- DVD cover
- Italian: A cena col vampiro
- Genre: Horror
- Screenplay by: Dardano Sacchetti; Lamberto Bava;
- Story by: Luciano Martino
- Directed by: Lamberto Bava
- Starring: George Hilton; Patrizia Pellegrino; Riccardo Rossi;
- Composers: Simon Boswell; Mario Tagliaferri;
- Country of origin: Italy
- Original language: Italian

Production
- Executive producers: Massimo Manasse; Marco Grillo Spina;
- Cinematography: Gianlorenzo Battaglia; Gianfranco Transunto;
- Editors: Mauro Bonnani; Daniele Alabis;
- Running time: 92 minutes
- Production companies: Dania Film; Reteitalia;

Original release
- Network: Italia 1
- Release: August 29, 1989

= Dinner with a Vampire =

Italian 1989 horror film by Lamberto Bava

Dinner with a Vampire (A cena col vampiro) is a 1989 Italian television horror film directed by Lamberto Bava and written by Dardano Sacchetti.
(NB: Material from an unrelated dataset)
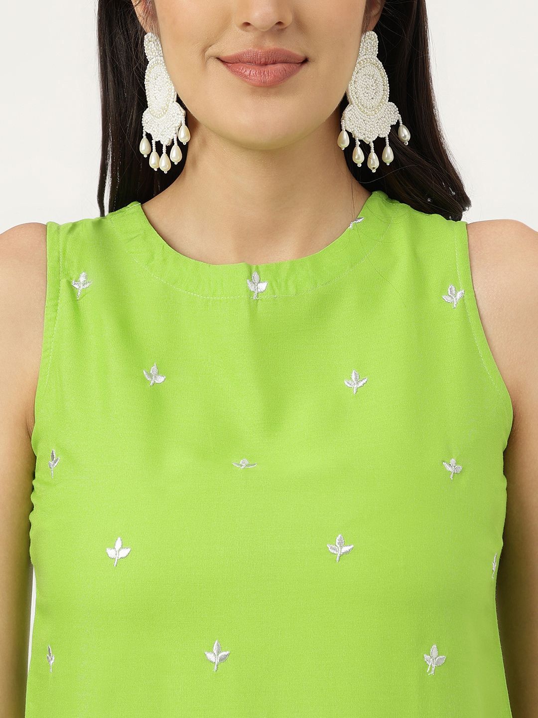 HERE&NOW Women Floral Embroidered Regular Thread Work Kurta with Palazzos

It was among four films made for the Italian television series Brivido Giallo.

==Plot==
Four actors win an audition to be in a horror movie and travel to the director's castle for a meeting and to spend the night. Unbeknown to them, the director is actually a vampire. The vampire challenges his guests to kill him. Killing this vampire, however, is achieved only in a unique way.

==Cast==
- George Hilton as Jurek
- Riccardo Rossi as Gianni
- Patrizia Pellegrino as Rita
- Yvonne Sciò as Monica
- Valeria Milillo as Sasha
- Isabel Russinova as Veronica, Jurek's half vampire companion
- Daniele Aldrovandi as Gilles
- Igor Zalewsky as Ale
- Letizia Ziaco as Nadia
- Stefano Sabelli as Matteo
- Roberto Pedicini as a director

==Production==
Following the success of the film Demons and Demons 2 and other foreign horror films in Italy, the company Reiteitalia would announce in July 1986 that a series titled Brivido giallo which would be made featuring five made-for-television films directed by Lamberto Bava. Only four would be completed and released. These included Graveyard Disturbance, Until Death, The Ogre and Dinner with a Vampire. The films were shot between 1987 and 1988. Dinner with a Vampire was shot at Castle Sammezzano near Florence, Italy.

Italian film historian Roberto Curti described Dinner with a Vampire as being more openly a parody film compared to Bava's other films made for the series.

==Release==
Prior to its television premiere in Italy, Dinner with a Vampire was released in Japan by Humax on April 22, 1989. It aired on Italian television channel Italia 1 on August 29, 1989.